In contrast with the other two groups, the Solo Achievers were disapproving of the tutorial aspects of the course. Initially, they felt strongly that tutorials were useless (Statement #8, + 4) and disagreed that teaching assistant (TA) office hours were helpful (Statement #30, − 3). They highly disagreed that synchronous lab sessions were critical to their understanding of anatomy (Statement #32, − 5). This might be indicative of the self-sufficiency and independency of this group of students. These findings resemble the findings by Pilkington & Hanif31 where students found asynchronous sessions more suitable than synchronous sessions for their learning. They also found low attendance rates of 20–25% for tutorial sessions. However, we found the students’ attitudes changed positively at Time 2 for Statements #8 and #30, respectively, but remained to be highly negative on Statement #32 (− 4). In addition, their position changed from neutral (0) to negative (− 4) on Statement #18 “I need more time to complete my MCQ exam”.

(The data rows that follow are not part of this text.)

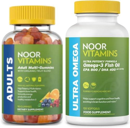 Noor Vitamins Halal Vitamins Adult Bundle - Multivitamin Gummies and Ultra Omega 3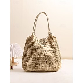 Bolso tote grande tejido para mujer, material de ganchillo, disponible en blanco roto y caqui, diseño espacioso, perfecto para el uso diario informal y las vacaciones en la playa.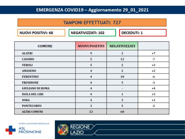 La Asl Frosinone ha diffuso i numeri aggiornati al 29 Gennaio 2021, per ciò che riguarda l’emergenza Covid-19. I tamponi effettuati sono stati 727. I nuovi positivi sono 68, i negativizzati 102, i deceduti 1. Di seguito i dati dei comuni di Alatri, Cassino, Veroli, Amaseno, Ferentino, Frosinone, Giuliano di Roma, Isola del Liri, Sora, Pontecorvo, altri Comuni.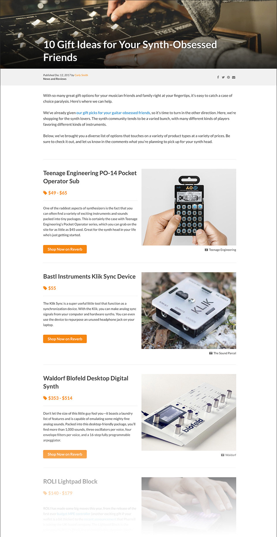 During my time at Reverb.com, I worked closely with the editorial team to lay out content pieces ranging from buyer’s guides and interviews to photo galleries and breaking news stories.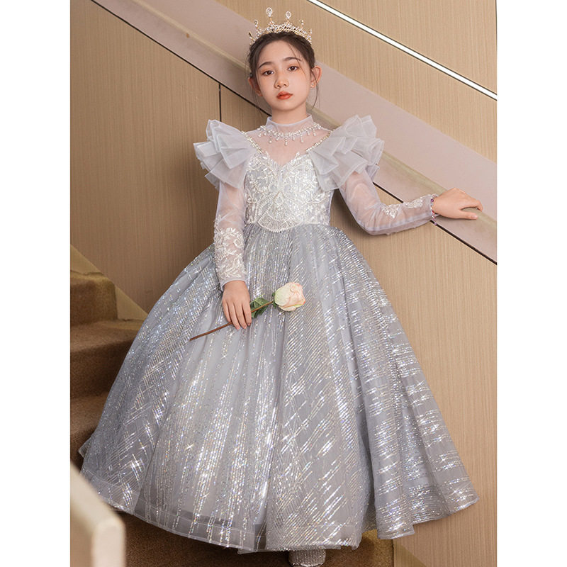 奢华生日礼服裙轻奢小众高端女童连衣裙公主裙钢琴演出服主持人灰

In-person Learners were skeptical about online learning at both Time 1 and Time 2. Their skepticism might be generated because of a lack of a sense of community and/or feelings of isolation, having technical issues and difficulties in collaborating with peers, the need for more disciplined learning environment, and lack of self-motivation32.

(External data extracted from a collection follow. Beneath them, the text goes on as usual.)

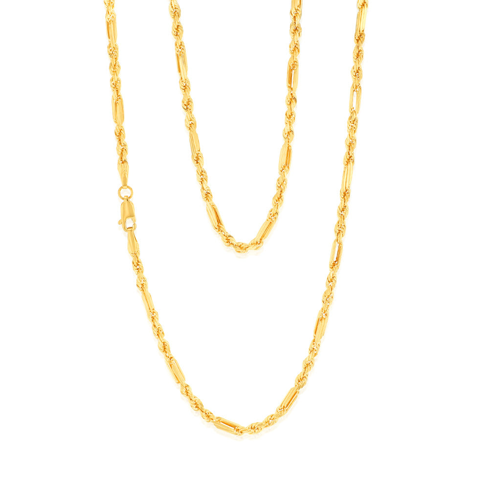 9ct Yellow Gold Hollow Diamond Cut Figarope 46cm Chain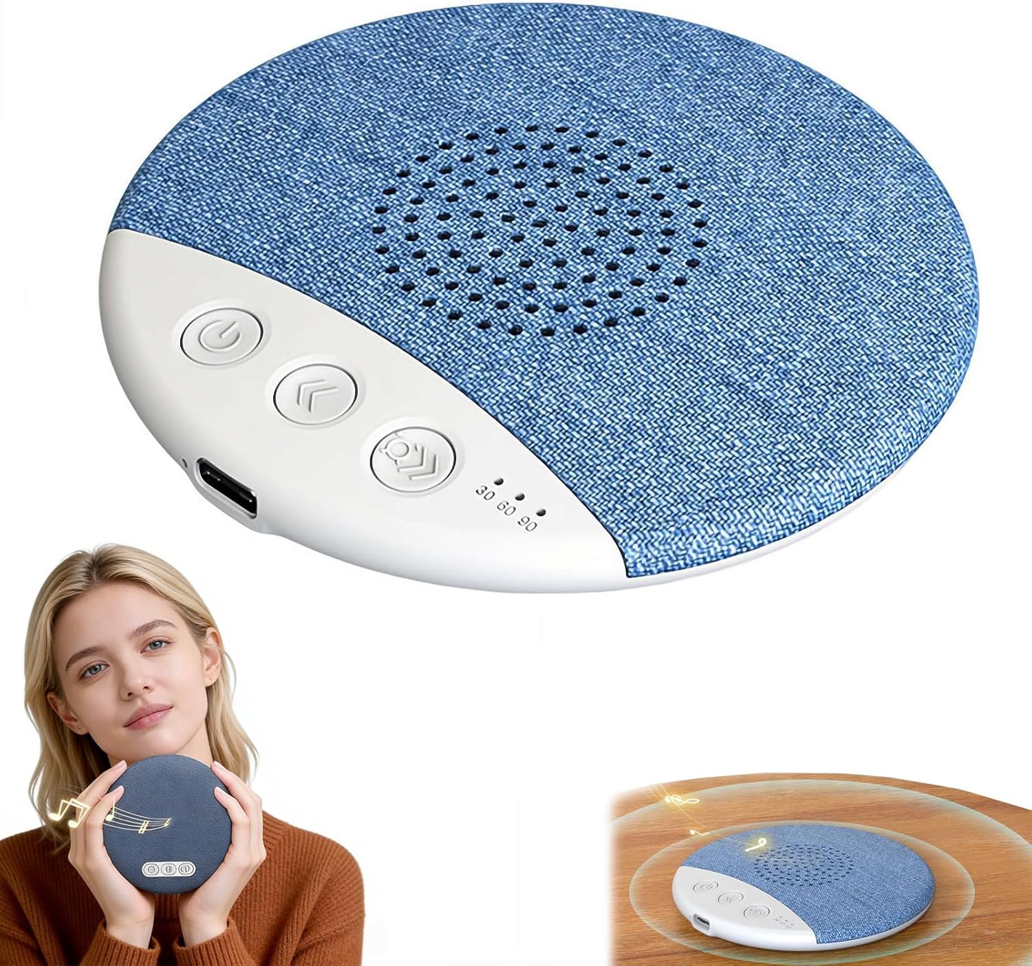 3. Premium Compact Design: Featuring a smooth ABS casing wrapped in acoustic fabric mesh, this sleep speaker combines durability with comfort. Measuring just 9.6cm diameter and 1.1cm height (3.78″×0.43″), its sleek blue design complements any bedroom decor.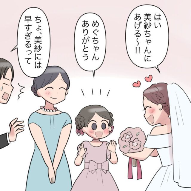 「はい、美紗ちゃんにあげる~」と恵さんは、持っていたブライダルブーケを美紗に渡してくれたので美紗は大喜びです。夫だけは「まだ早すぎる」と焦っていましたが(笑)。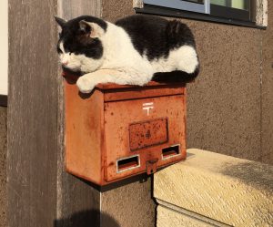 (↑ポストの上でうたた寝)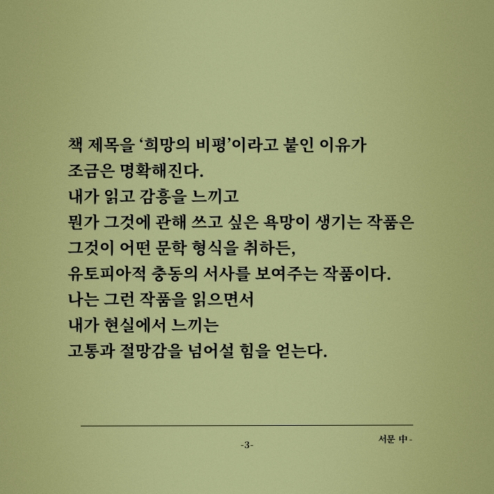유토피아적 충동의 서사를 보여주는 작품은 현실에서 느끼는 고통과 절망감을 넘어설 힘을 얻게 한다. 개인이 지각하는 현실에서 보이지 않는 것들, 하지만 현실이 품고 있는 것들, 대중의 눈앞에서 사라졌지만 되찾아야 할 것들, 아직 존재하지 않지만 존재해야 할 것들을 뛰어난 문학은 상상하고 형상화한다. 저자는 그러한 작품을 읽으면서 주어진 현실과 부딪칠 때 느끼는 비관주의를 달랠 희망을 찾는다.

Although students’ attitudes changed positively toward online learning during the pandemic, which is in keeping with the findings of a recent study32, students still viewed the online classroom as suboptimal to in-person learning. However, compared to In-person Learners, who comprised a small group (17.2%) of students, Overtaxed Students and Solo Achievers, became more adaptable to online learning from Time 1 to Time 2 and developed more positive views regarding online learning.

The finding that students in general did not wish to learn in an online format and yet found lectures absolutely key to learning (Statement #7) undoubtedly set up a conflict between the necessity of the lecture material and distaste for the form of delivery. These findings confirm the transition from in-person to online learning is gradual, and students need time to become familiar with and adapt to online learning33,34, although it does not make online learning the preferred method of delivery. This finding is supported by the consensus statement #31 “I prefer online learning compared to the in-person format” that was strongly disagreed with by all students even though they all appreciated the opportunity of being able to review online lectures asynchronously (Statement #23). The reason students preferred the in-person classroom over online learning might be related to the notion that the pandemic forced an abrupt move to online learning that did not meet student expectations. As such, at the beginning of the course, students may have felt less engaged in the classroom and more distracted by the technical challenges related to an online format as they were adjusting to this style of learning34,35,36. The source of the dislike may also have risen from the essential nature of anatomy education, which is difficult to translate to an online format. The fact that consensus statement “I think that virtual specimens do not replace the physical presence of specimens” was strongly agreed with by all groups emphasizes the issues with online anatomy education.

In conclusion, on-line education will likely continue and further evolve beyond the pandemic32. This study will be useful in providing insights from the students’ perspectives. These granular findings indicate how students might differ on viewing and evaluating online courses, and this methodology can be used in redesigning and restructuring different components of an online course in higher education settings.